Word for word, copy all the data and drop the pictures.

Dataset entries
____

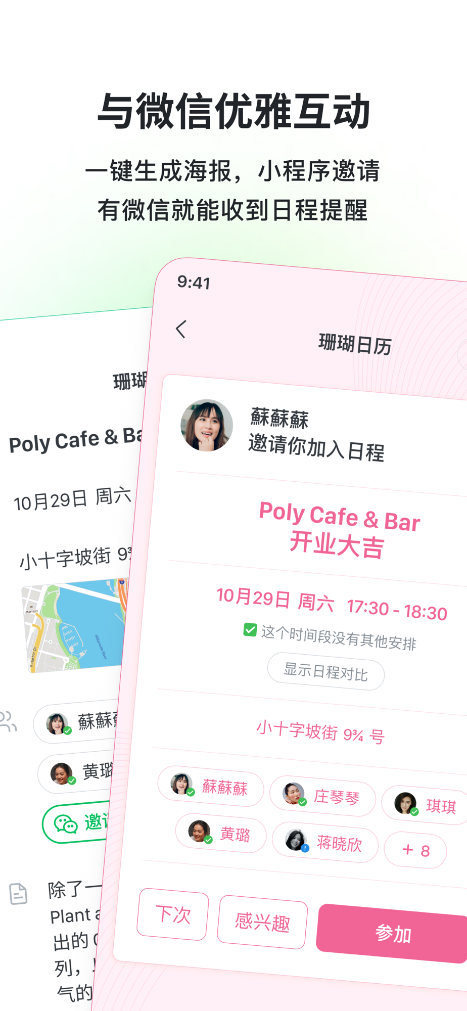 - 智能预约模板:珊瑚日历会自动标出你的空闲时间,无需来回询问,让好友直接发起日程
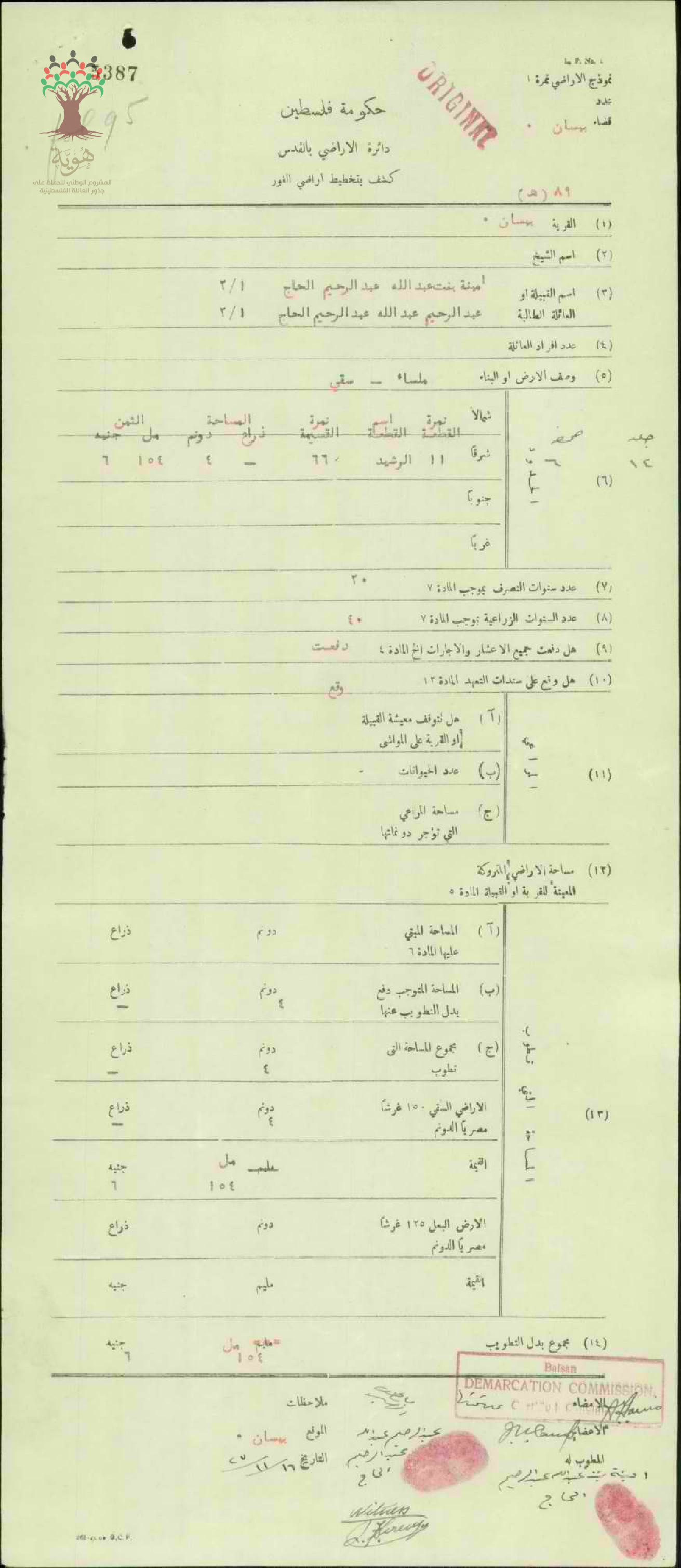 كشف تخطيط أرض أبناء عبد الله عبد الرحيم الحاج في بيسان
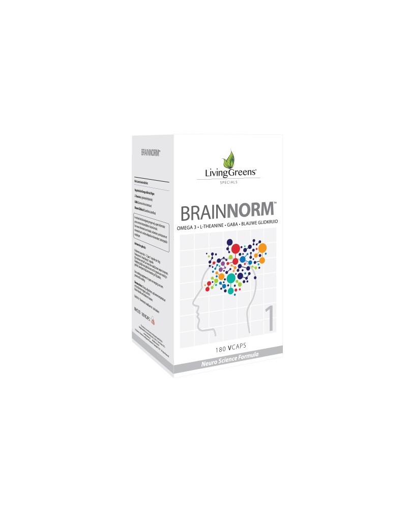 De 7 ingrediënten in Brainnorm 1 zijn: Natuurlijke Omega algen oliën, L-Theanine, GABA, Blauwe Glidkruid, Vitamine B12, Zink citraat en Bioperine.
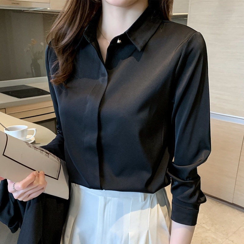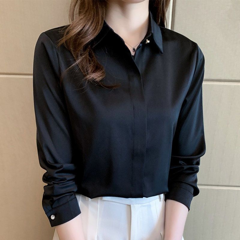 FUXI 長袖襯衫女 抗皺襯衫 免燙襯衫 職業襯衫 白襯衫女生 冰絲涼感緞面襯衣 高端時尚氣質 正裝面試工作服 黑色襯衫
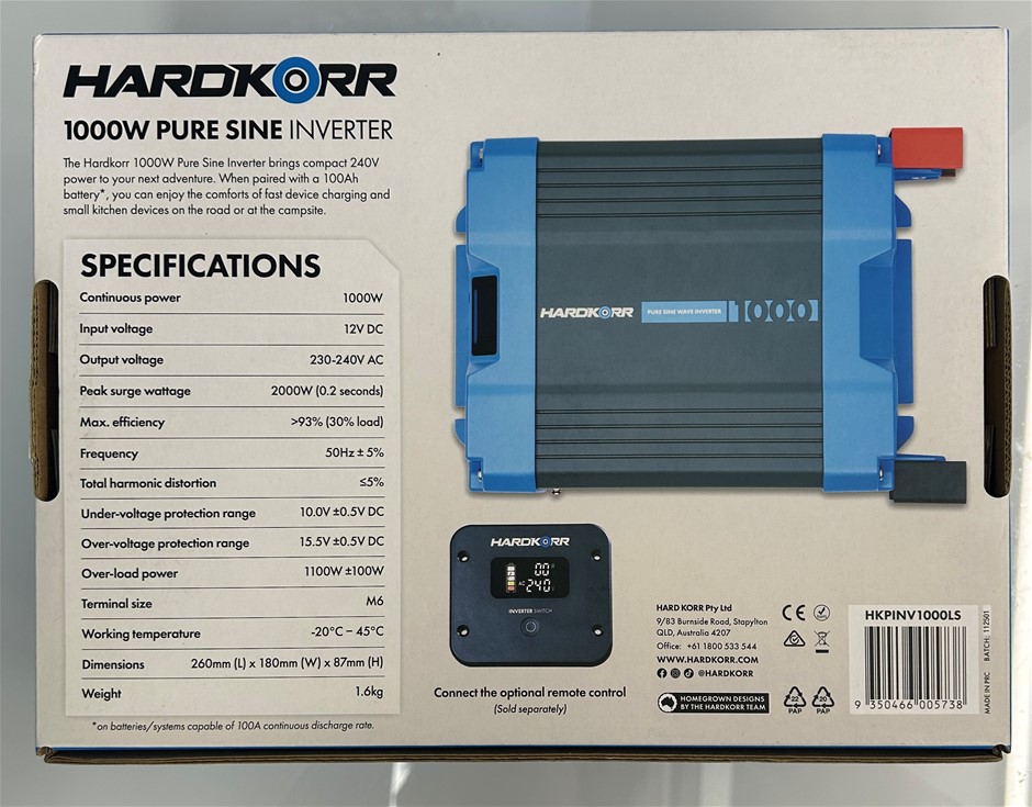 Hardkorr 1000W Pure Sine Power Inverter.
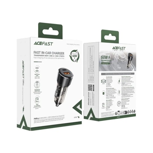 Зарядний пристрій Acefast 2xUSB 60W (USB-C + USB-A) B12 є невід'ємним атрибутом для сучасних автовласників, які бажають завжди бути на зв'язку. Цей стильний автомобільний адаптер вирізняється своєю надійністю та передовими технологіями, що роблять процес зарядки максимально зручним і швидким. Він обладнаний двома портами — USB-A та USB Type-C, що дозволяє одночасно заряджати різноманітні гаджети, такі як смарт годинники, смартфони, фітнес-браслети та TWS навушники.

____

Response to the task
 - 智能预约模板:珊瑚日历会自动标出你的空闲时间,无需来回询问,让好友直接发起日程
 كشف تخطيط أرض أبناء عبد الله عبد الرحيم الحاج في بيسان
 De 7 ingrediënten in Brainnorm 1 zijn: Natuurlijke Omega algen oliën, L-Theanine, GABA, Blauwe Glidkruid, Vitamine B12, Zink citraat en Bioperine.
 FUXI 長袖襯衫女 抗皺襯衫 免燙襯衫 職業襯衫 白襯衫女生 冰絲涼感緞面襯衣 高端時尚氣質 正裝面試工作服 黑色襯衫
 Hardkorr 1000W Pure Sine Power Inverter.
 Зарядний пристрій Acefast 2xUSB 60W (USB-C + USB-A) B12 є невід'ємним атрибутом для сучасних автовласників, які бажають завжди бути на зв'язку. Цей стильний автомобільний адаптер вирізняється своєю надійністю та передовими технологіями, що роблять процес зарядки максимально зручним і швидким. Він обладнаний двома портами — USB-A та USB Type-C, що дозволяє одночасно заряджати різноманітні гаджети, такі як смарт годинники, смартфони, фітнес-браслети та TWS навушники.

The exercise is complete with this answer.